DATA FOR THIS EXERCISE =>
--- START ---

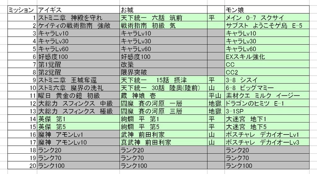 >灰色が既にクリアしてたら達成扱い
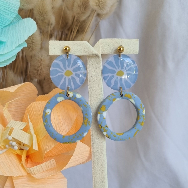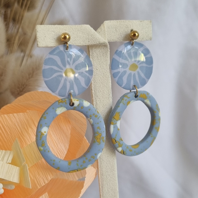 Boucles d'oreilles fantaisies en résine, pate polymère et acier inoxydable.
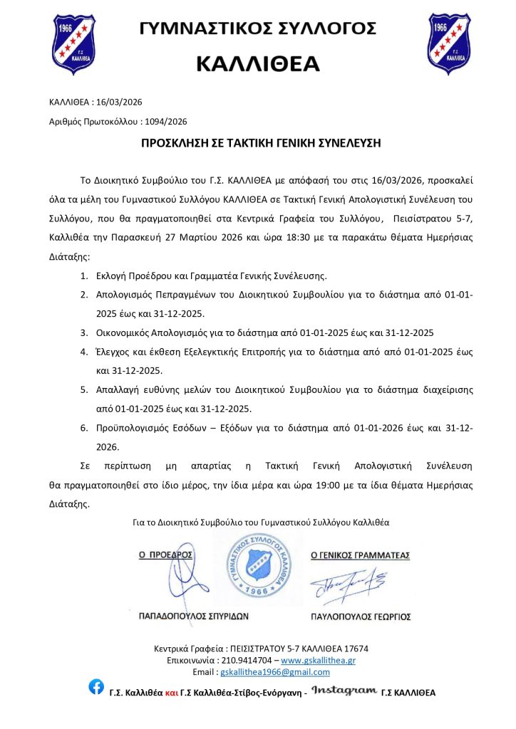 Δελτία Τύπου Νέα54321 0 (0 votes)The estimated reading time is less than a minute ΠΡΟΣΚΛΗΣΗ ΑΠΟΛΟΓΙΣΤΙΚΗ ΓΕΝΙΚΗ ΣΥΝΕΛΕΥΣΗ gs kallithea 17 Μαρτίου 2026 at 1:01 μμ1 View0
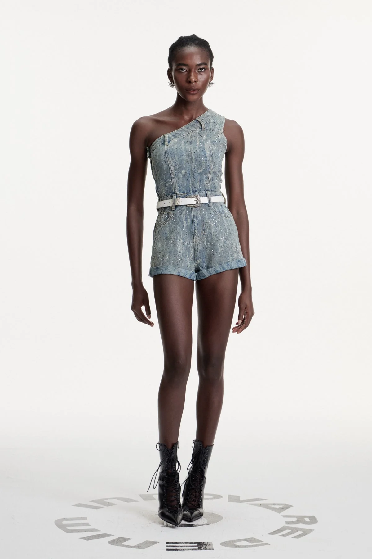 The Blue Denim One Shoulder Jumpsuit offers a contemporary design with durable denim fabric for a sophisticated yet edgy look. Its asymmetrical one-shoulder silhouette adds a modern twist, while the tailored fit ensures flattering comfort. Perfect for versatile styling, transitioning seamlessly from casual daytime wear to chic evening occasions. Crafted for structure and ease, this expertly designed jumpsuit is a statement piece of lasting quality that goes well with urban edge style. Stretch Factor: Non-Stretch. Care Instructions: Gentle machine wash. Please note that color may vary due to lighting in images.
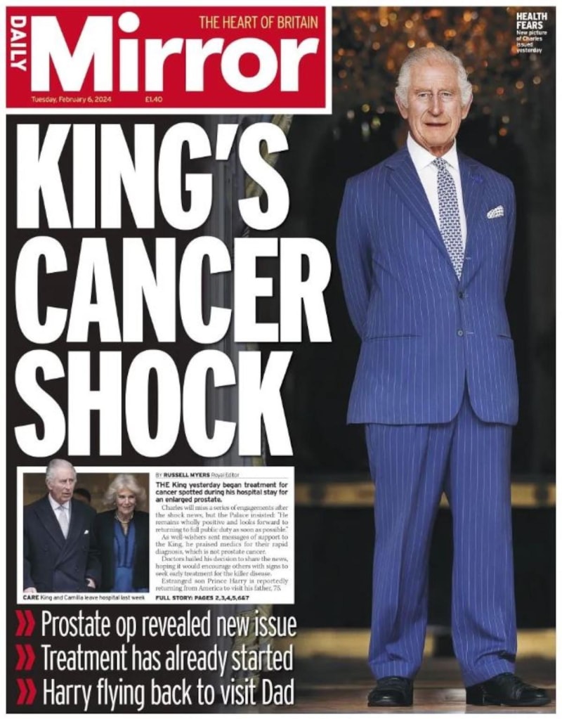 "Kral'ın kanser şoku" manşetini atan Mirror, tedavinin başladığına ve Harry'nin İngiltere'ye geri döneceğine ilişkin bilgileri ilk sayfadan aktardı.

--- END ---
--- START ---

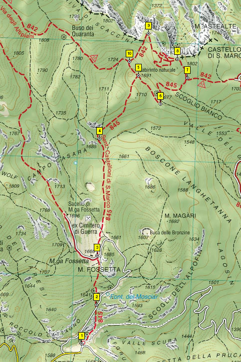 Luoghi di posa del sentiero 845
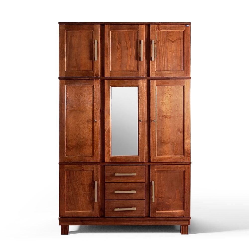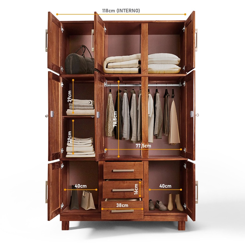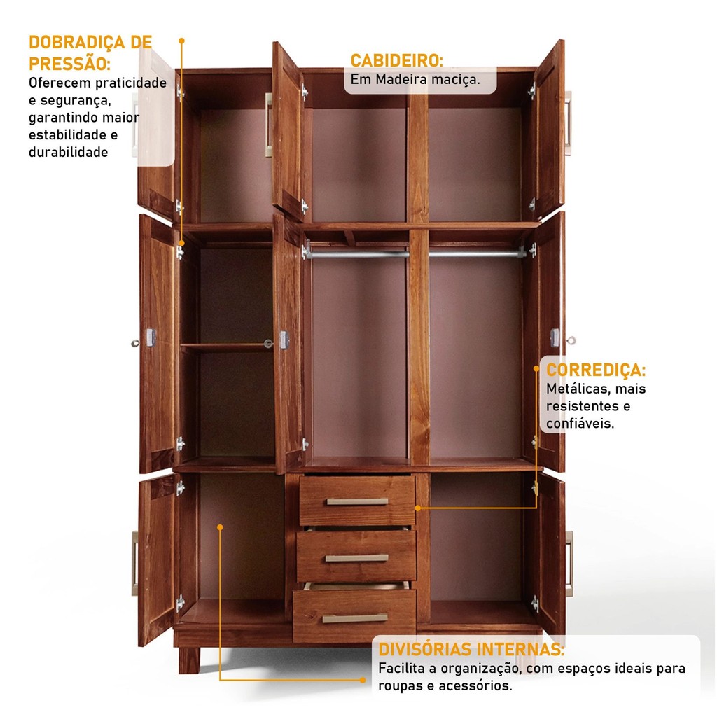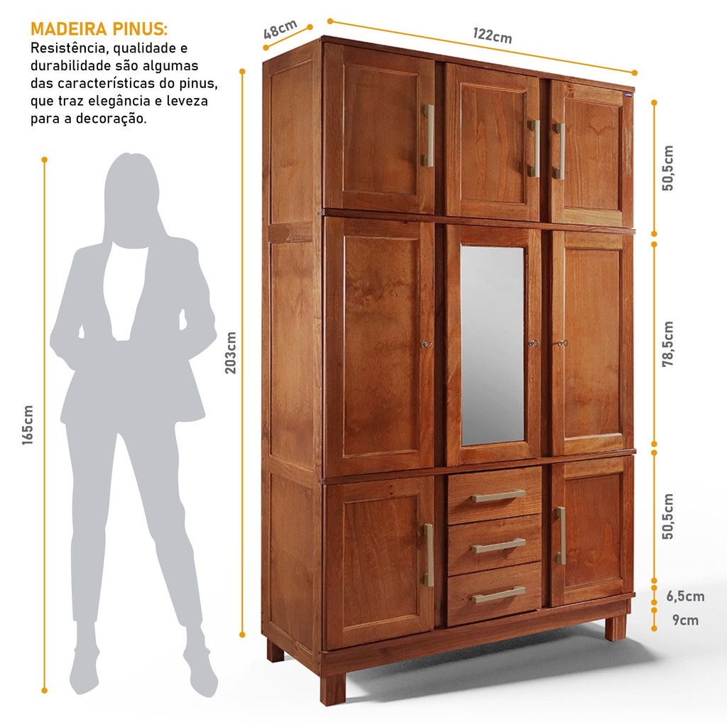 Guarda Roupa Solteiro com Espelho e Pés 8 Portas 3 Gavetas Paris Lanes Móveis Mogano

--- END ---

WORK REQUIRED => With the pictures omitted, copy the entries above exactly from the line containing "Boucles d'oreilles fantaisies" through the line containing "ilk sayfadan aktardı.", both lines included.

RESPONSE =>
 Boucles d'oreilles fantaisies en résine, pate polymère et acier inoxydable.
 Δελτία Τύπου Νέα54321 0 (0 votes)The estimated reading time is less than a minute ΠΡΟΣΚΛΗΣΗ ΑΠΟΛΟΓΙΣΤΙΚΗ ΓΕΝΙΚΗ ΣΥΝΕΛΕΥΣΗ gs kallithea 17 Μαρτίου 2026 at 1:01 μμ1 View0
 The Blue Denim One Shoulder Jumpsuit offers a contemporary design with durable denim fabric for a sophisticated yet edgy look. Its asymmetrical one-shoulder silhouette adds a modern twist, while the tailored fit ensures flattering comfort. Perfect for versatile styling, transitioning seamlessly from casual daytime wear to chic evening occasions. Crafted for structure and ease, this expertly designed jumpsuit is a statement piece of lasting quality that goes well with urban edge style. Stretch Factor: Non-Stretch. Care Instructions: Gentle machine wash. Please note that color may vary due to lighting in images.
 "Kral'ın kanser şoku" manşetini atan Mirror, tedavinin başladığına ve Harry'nin İngiltere'ye geri döneceğine ilişkin bilgileri ilk sayfadan aktardı.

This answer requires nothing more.